I know this is going to come across as preachy* and I apologize in advance. I’ve been saddened over the past two days at various news reports from our American neighbours, and I just can’t help but respond (rant warning)… It’s incomprehensible to me how such an allegedly “developed” nation as the U.S. can be so blind to basic rules of nature and the truisms of history—state it in whatever terms you like, but “you end up sleeping in the bed you make.” Three troubling traits, to wit…

1) Greed

The U.S. (Wall Street et al at the helm) has recently precipitated a global financial melt-down—we’re told that nearly half of the world’s wealth has disappeared within the past 18 months—affecting both its own hapless citizens as well as the rest of the globalized world. I’ve posted on greed before, so no need to blather on here… though my heart goes out to the auto workers being laid off in droves, to the tens of thousands who have been forced out of homes they can no longer afford, and to the would-be retirees who have lost their life savings and dreams for relaxation in their pensioned September years.

2). Violence

News out this week that Obama will be doubling the number of U.S. troops waging war in Afghanistan (big disappointment there, but I guess I was being naive in thinking that Bush’s departure would bring about a change in Washington’s long-standing, hegemonic approach to war-faring), and that he will be “fighting to prevent the release of photographs documenting abuse of prisoners in Iraq and Afghanistan by United States military personnel, thereby reversing his earlier position on the issue” after commanders warned that the images “could set off a deadly backlash against American troops.” Duh! The Russians have a great saying that applies here methinks: “Lies have short legs.”—I’d suggest that the only way for the U.S. to purge itself of the scourge and hatred it has brought upon itself through the practice of illegal torture and degradation of its opponents is to finally come clean, rather than to continue with a policy of obfuscation and cover-up at the expense of transparency and accountability. (Just imagine the redemptive and conflict-healing effect that a contrite apology and change of ways from Washington could have on potential young jihadists).

Particularly troubling was the story I chanced across yesterday (here) regarding the Explorers program, a coeducational affiliate of the Boy Scouts of America that began 60 years ago, now training thousands of young people “in skills used to confront terrorism, illegal immigration and escalating border violence,” with a focus on weapon use—essentially educating impressionable teenagers to be armed vigilantes. Is this not akin to training child soldiers? Are there not more positive alternatives than teaching militarism? Perhaps learning about organic gardening, for example, or conflict resolution, or bicycle repair, or learning another language, or acquiring sustainable living skills?

3).

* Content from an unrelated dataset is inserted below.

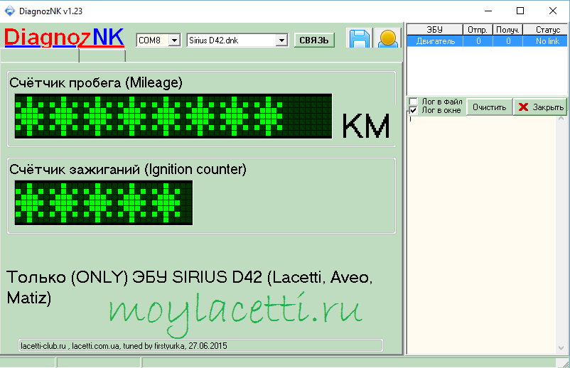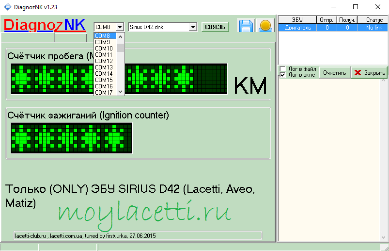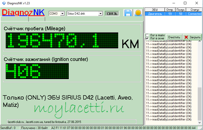 Осталось только включить зажигание на автомобиле и нажать кнопочку связь в программе. Сразу появятся данные пробега, сохраненные в ЭБУ

Injustice

Another big disappointment today was hearing that the promised shut-down of Guantanamo Bay and the end of the military commission system (tribunals) that the Bush administration created to try “suspected terrorists” is also being forestalled by Obama. But perhaps this also shouldn’t come as a surprise—the U.S. imprisons more of its citizens by far than any other nation on earth (with only 5% of the world’s population, the U.S. boasts 25% of the world’s incarcerated population—very profibable business for the likes of Halliburton, mind you, see comments re: “Greed” above). A look at the U.N.’s statistics on national incarceration rates is telling—the U.S. locks up nearly 7 times as many folks per capita as Canada does, more than 10 times as many as Denmark, and over 20 times as many as India. Home of the brave, land of the free?

*My father was a pacifist pulpiter, so I come by this naturally—is that a valid excuse? He taught me things like “if you live by the sword, expect to die by the sword,” and “you can tell a tree by its fruit…”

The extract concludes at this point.